Habíamos acabado la breve ceremonia de los buenos modales. Ahora empezarían a suceder cosas. Lo primero que ocurrió fue que saqué mi caja de píldoras, cogí todos los tranquilizantes que pude encontrar y los ingerí con un poco de café. Me tomé catorce paxium, cantidad que algunas personas consideran excesiva. Para mí no lo era. Conozco a mucha gente que me gana bebiendo — Yasmin, por ejemplo—, pero nadie supera mi capacidad para las píldoras y las cápsulas. Catorce paxium de 10 miligramos, si tenía suerte, sólo aliviarían un poco mi tensión nerviosa, ni siquiera me tranquilizarían de verdad. Entonces necesitaría algo con un poco más de marcha. Catorce paxium apenas eran el Mach 1.

Friedlander Bey alargó su taza de café al criado, que se la volvió a llenar. Bebió un poco, mientras me observaba por encima de la tacita. Después, la dejó con cuidado sobre la mesa.

—Puedes comprender que tenga mucha gente a mi servicio.

—Por supuesto que sí, oh caíd —dije.

—Hay mucha gente que depende de mí, no sólo para su subsistencia, sino para mucho más. Soy una fuente de seguridad en su difícil mundo.

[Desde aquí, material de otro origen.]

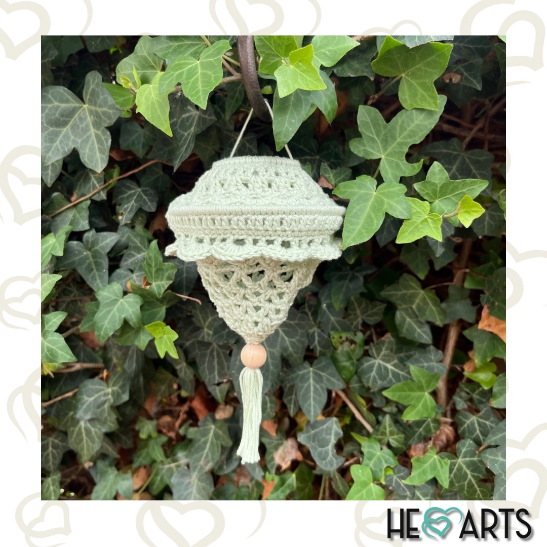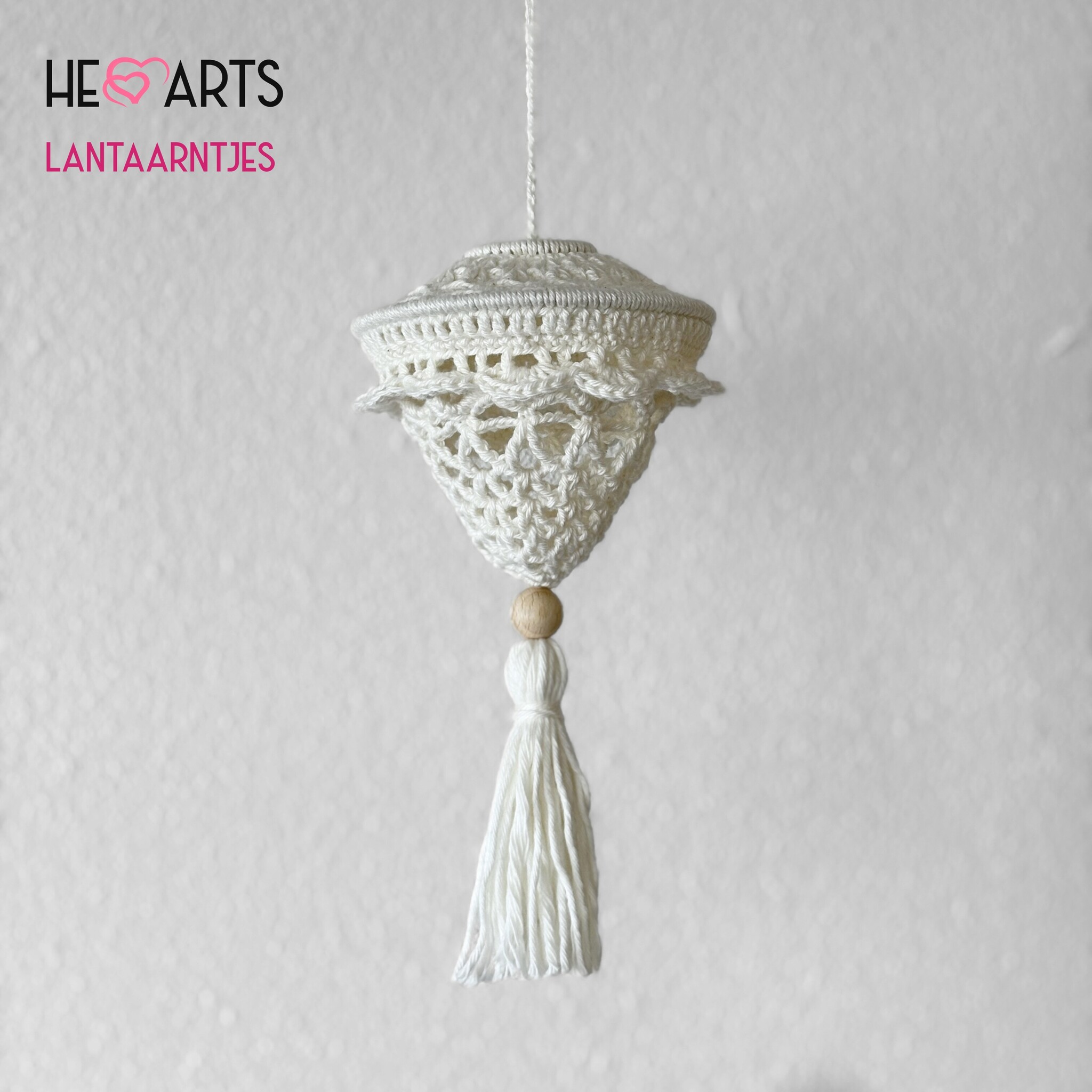 Een lantaarntje heeft een doorsnede van 10 cm, gehaakt met de Must-Have op haaknaald 2.5 mm, met kwastjes van houten kralen en de Must-Have

Saben que sus salarios y ciertos favores dependen de mí, mientras realicen su trabajo de modo satisfactorio.

—Sí, oh, caíd.

Me irritaba la sangre que subía a mi rostro y a mis brazos.

Asintió.

—Por eso me aflige saber que uno de mis amigos es recibido por Alá en el paraíso. Me preocupo por el bienestar de todos los que me representan en la ciudad, desde mis honrados tenientes hasta el más pobre e insignificante mendigo que me ayuda como puede.